There are exercises and quizzes along the way that check to see how well the student is understanding the material. So it already has the notion of activities and it will be nice to share the student's progress with a teacher. In short, it's a good candidate for ClassKit.
Here's the student using the app.
And somehow the app would like to share the student's progress with the teacher and do so in a way that protects the student's privacy.
This is the role that ClassKit facilitates. ClassKit insures that the student data stored on the device, sent to the Cloud, and stored in the Cloud is always secure. And ClassKit insures that access to this data is available only to users with the right privileges. For example, the student's teacher.
So how does a teacher or the student for that matter, see their progress in a ClassKit enabled app? Apple provides an application called Schoolwork for iOS.
It's a free app for the iPad. It's been available since ClassKit debuted. You can download it today.

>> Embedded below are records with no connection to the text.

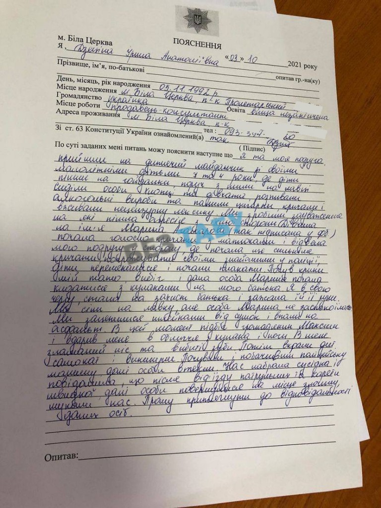 “В цей час батько забрав діток і повів до нас додому, поки ми залишилися чекати на поліцейських. Дівчина в цей час кричала, наче її там вбивали, хоча її ніхто не бив, а я просто тримала, щоб не втекла. За цей час поліцейські ще не приїхали… Дівчина вкусила мене за ліву руку і якимось чином моя сумка, яка була через плече, зачепилася за її ланцюжок, який був на її шиї, знає напевно один Бог.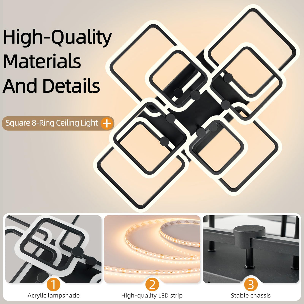 Seable Dimmable Modern Led Ceiling Light 8-Square Black Flush Mount Led Ceiling Light With Remote For Living Room Bedroom Close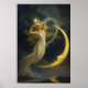 Woman Flying By A Crescent Moon Face Poster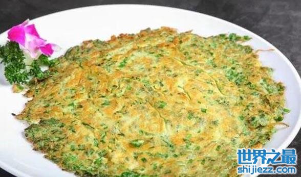 4、锅中放油,油热,倒入香椿鸡蛋液,摊平;蛋液凝固之后可以翻面煎炒,两面金黄的时候就可以出锅了。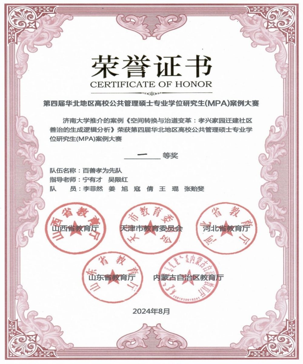 本次大賽共有來自山西、天津、山東、河北、內(nèi)蒙古五個(gè)省(市、自治區(qū))高等院校的六十支隊(duì)伍參加。由我校政法學(xué)院教師寧有才、吳限紅指導(dǎo),公共管理學(xué)2023級(jí)研究生李菲然(隊(duì)長(zhǎng))、公共管理(MPA)2022級(jí)研究生姜旭、王琨、寇倩、張貽斐組成的“百善孝為先”隊(duì)代表濟(jì)南大學(xué)參賽,并提交參賽案例《空間轉(zhuǎn)換與治道變革:孝興家園遷建社區(qū)善治的生成邏輯分析》。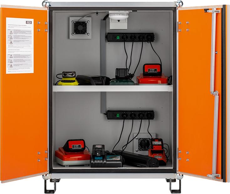 Dieser Akku-Ladeschrank verfügt über wichtige Sicherheitseinrichtungen zum Laden von Lithium-Akkus.

It's been used by schools not only in the United States, but in other countries as well. Teachers use Schoolwork to create assignments called handouts and students receive these handouts from within Schoolwork.
When your application in response to a handout activity records progress, it is within Schoolwork that the teacher and student both can track this progress.
Let's briefly look at Schoolwork so you can understand the workflow.
The first time you launch Schoolwork as a developer, you may see a screen like this. Schoolwork requires a managed Apple ID. These are the type of Apple IDs that schools use in order to assign them to students and teachers. Since most of us don't have a managed Apple ID, we've provided a useful switch in iOS under Settings in the Developer's Section.
You'll need the Developer Install of iOS. This adds additional developer options in the Settings app.
One of the settings is labeled ClassKit API.
Here you can emulate the role of either a user with teacher privileges, or a user with student privileges. Initially it is off.
But select Teacher and when you launch Schoolwork, you'll have the ability to create handouts and assign them to a student. Go back into Settings and switch the ClassKit API role to Student and when you return to Schoolwork, you're now your student persona and you can complete that handout that you just assigned from your teacher persona.
If you're still with me, you can then switch back to the teacher role and see your student persona's progress.
Okay, if you've never used Schoolwork, here's an example of what a handout looks like. The handout recipients displayed at the top of the card are chosen by the teacher. The title and instructions for the handout just below the recipients are created by the teacher as well.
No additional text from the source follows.